- ASSIGNMENT
Repeat verbatim, and only, the lines of the data below, beginning at the line that contains "한국 여성복 도매, 한국" and stopping after the line that contains "Atlantic menhaden are".

[Collected data]
+ + + + +

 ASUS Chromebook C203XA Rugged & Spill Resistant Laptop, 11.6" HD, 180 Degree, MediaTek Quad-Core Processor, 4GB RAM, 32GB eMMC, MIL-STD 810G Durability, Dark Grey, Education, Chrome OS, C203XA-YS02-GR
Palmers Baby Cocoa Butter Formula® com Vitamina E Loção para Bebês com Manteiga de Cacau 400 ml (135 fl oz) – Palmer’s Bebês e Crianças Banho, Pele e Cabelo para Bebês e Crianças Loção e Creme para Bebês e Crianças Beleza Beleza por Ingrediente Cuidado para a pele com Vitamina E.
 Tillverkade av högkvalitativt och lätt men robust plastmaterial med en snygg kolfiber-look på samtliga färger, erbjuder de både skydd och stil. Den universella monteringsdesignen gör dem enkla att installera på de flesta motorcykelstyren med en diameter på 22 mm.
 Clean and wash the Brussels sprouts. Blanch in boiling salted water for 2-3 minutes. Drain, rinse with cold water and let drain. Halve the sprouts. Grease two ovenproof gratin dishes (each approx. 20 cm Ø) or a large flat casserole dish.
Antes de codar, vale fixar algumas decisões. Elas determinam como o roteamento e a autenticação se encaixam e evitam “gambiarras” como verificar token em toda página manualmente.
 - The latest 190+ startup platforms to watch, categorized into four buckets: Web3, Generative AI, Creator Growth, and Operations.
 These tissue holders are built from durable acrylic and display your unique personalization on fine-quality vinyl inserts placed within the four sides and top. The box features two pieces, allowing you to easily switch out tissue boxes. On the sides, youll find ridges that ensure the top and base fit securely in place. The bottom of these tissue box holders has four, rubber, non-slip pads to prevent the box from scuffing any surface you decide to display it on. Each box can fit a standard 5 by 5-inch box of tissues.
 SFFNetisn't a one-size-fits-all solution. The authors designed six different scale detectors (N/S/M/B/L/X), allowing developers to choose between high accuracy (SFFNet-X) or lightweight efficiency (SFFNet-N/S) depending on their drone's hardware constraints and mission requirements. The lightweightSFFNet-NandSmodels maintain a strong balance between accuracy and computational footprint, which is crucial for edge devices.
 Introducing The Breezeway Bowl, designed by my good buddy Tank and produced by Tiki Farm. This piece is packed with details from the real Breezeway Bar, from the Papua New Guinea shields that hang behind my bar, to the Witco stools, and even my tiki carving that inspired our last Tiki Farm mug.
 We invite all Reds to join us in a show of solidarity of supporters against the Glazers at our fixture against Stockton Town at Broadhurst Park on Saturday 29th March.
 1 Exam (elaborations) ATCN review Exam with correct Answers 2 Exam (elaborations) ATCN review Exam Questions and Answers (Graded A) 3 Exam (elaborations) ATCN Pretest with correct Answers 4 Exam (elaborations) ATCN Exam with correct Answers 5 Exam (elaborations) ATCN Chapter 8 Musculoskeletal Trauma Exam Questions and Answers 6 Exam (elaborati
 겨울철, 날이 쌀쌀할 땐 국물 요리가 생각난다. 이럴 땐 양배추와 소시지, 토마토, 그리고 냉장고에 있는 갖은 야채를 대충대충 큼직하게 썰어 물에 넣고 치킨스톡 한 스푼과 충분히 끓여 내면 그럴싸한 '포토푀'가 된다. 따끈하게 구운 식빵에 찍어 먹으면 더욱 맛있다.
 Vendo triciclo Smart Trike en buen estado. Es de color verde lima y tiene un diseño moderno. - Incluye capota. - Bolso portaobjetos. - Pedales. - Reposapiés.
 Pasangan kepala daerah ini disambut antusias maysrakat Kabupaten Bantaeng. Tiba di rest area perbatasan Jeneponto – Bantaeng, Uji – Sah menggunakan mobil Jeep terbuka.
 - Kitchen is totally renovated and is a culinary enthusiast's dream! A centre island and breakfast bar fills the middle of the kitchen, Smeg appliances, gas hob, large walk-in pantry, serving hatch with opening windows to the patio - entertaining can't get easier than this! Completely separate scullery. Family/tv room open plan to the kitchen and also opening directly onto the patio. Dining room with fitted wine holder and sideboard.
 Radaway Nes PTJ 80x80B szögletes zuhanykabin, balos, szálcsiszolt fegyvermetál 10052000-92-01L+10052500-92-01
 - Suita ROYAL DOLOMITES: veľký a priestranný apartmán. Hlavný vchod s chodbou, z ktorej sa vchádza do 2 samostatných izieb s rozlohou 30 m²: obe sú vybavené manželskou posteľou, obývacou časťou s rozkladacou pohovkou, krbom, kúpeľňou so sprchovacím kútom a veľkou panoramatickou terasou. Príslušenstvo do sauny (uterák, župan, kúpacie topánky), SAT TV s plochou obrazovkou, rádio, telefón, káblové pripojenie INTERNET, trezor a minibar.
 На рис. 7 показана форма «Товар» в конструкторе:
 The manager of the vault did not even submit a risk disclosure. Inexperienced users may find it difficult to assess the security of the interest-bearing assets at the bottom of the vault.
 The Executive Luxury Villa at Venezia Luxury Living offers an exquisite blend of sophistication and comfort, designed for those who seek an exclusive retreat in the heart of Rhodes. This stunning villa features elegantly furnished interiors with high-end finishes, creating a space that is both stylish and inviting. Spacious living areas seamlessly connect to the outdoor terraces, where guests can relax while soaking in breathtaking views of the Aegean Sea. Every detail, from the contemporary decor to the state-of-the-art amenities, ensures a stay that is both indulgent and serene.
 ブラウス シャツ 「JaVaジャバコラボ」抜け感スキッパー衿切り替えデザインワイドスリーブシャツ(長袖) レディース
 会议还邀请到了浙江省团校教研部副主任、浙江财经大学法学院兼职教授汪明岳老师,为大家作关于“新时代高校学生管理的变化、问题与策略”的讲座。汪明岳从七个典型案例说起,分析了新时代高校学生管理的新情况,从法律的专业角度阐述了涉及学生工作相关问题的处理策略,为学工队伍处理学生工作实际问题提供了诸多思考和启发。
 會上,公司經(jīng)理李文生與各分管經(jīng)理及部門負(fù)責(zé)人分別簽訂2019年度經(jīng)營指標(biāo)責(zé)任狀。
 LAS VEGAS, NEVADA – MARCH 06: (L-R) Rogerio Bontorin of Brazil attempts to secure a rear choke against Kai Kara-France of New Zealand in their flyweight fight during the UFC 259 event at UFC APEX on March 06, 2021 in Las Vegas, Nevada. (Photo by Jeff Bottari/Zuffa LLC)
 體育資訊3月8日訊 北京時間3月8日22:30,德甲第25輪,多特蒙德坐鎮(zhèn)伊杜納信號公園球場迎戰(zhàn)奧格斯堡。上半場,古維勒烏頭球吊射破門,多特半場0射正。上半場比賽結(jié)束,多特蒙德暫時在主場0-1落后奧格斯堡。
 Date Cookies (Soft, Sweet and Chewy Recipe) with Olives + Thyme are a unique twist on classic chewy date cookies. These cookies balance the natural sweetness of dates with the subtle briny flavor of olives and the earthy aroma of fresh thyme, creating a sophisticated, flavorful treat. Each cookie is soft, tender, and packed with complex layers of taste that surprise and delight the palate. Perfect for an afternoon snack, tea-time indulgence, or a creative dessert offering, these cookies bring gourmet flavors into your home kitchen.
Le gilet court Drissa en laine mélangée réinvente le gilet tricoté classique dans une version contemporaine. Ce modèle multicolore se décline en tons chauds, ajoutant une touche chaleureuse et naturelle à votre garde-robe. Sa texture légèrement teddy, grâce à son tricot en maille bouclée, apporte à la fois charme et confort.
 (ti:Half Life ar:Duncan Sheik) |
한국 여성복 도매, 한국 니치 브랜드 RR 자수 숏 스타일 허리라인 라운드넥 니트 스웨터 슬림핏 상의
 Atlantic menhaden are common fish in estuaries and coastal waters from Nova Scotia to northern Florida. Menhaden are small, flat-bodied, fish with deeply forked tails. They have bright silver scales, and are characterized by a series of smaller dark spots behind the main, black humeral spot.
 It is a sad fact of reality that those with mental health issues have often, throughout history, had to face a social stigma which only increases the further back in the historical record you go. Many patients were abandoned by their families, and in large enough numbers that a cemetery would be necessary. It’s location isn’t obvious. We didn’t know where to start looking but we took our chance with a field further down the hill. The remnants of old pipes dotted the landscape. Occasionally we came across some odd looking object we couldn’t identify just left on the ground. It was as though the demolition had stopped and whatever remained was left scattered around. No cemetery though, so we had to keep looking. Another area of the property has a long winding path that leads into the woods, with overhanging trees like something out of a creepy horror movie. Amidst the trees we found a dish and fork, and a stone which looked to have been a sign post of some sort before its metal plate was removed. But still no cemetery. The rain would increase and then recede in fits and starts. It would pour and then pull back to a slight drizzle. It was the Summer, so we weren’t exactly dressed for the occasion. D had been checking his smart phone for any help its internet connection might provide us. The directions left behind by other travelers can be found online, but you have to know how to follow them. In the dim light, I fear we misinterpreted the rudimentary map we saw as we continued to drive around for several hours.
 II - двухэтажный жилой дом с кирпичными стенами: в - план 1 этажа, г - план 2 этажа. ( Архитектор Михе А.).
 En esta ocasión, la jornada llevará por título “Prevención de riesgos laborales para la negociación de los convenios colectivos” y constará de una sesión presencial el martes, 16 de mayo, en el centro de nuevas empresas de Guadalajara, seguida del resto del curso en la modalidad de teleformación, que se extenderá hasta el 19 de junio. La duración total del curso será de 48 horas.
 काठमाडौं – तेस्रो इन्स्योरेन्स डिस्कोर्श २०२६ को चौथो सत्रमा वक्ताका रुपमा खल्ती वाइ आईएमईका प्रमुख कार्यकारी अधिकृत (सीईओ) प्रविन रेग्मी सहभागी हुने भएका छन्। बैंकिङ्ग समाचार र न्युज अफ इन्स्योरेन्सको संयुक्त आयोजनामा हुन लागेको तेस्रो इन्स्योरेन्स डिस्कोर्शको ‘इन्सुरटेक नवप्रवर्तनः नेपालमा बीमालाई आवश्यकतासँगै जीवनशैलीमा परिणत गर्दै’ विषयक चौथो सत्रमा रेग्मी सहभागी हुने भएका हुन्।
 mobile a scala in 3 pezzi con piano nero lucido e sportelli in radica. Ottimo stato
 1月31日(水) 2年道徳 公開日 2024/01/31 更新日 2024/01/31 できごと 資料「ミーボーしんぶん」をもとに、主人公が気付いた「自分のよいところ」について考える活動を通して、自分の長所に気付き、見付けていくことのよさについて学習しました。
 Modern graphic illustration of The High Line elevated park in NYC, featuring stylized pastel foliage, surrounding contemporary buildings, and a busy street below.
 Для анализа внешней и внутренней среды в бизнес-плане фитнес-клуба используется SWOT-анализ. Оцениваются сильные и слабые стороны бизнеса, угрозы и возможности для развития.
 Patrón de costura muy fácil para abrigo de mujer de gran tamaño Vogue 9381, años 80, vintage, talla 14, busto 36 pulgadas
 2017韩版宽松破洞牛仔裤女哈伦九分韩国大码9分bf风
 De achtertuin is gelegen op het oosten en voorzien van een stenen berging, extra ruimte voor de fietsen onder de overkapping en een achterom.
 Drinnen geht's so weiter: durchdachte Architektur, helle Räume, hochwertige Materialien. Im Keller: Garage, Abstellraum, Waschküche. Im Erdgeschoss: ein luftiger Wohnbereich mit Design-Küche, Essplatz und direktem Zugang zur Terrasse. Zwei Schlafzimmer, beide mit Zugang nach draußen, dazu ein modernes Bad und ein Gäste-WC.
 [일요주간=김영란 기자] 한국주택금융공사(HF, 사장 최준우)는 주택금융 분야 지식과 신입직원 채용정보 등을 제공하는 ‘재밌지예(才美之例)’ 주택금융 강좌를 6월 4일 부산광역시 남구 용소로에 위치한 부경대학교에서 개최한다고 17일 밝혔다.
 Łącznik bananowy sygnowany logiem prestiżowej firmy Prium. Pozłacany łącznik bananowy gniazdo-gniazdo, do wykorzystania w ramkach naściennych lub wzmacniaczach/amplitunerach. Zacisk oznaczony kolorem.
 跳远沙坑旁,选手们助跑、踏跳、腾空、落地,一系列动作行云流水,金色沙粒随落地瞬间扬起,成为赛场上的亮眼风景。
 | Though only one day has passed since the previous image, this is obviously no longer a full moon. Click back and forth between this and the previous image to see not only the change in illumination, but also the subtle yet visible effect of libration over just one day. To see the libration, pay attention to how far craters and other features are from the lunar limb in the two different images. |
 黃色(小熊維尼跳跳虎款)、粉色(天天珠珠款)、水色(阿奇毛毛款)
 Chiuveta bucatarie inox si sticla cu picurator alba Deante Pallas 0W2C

+ + + + +

- PROBLEM SOLUTION
한국 여성복 도매, 한국 니치 브랜드 RR 자수 숏 스타일 허리라인 라운드넥 니트 스웨터 슬림핏 상의
 Atlantic menhaden are common fish in estuaries and coastal waters from Nova Scotia to northern Florida. Menhaden are small, flat-bodied, fish with deeply forked tails. They have bright silver scales, and are characterized by a series of smaller dark spots behind the main, black humeral spot.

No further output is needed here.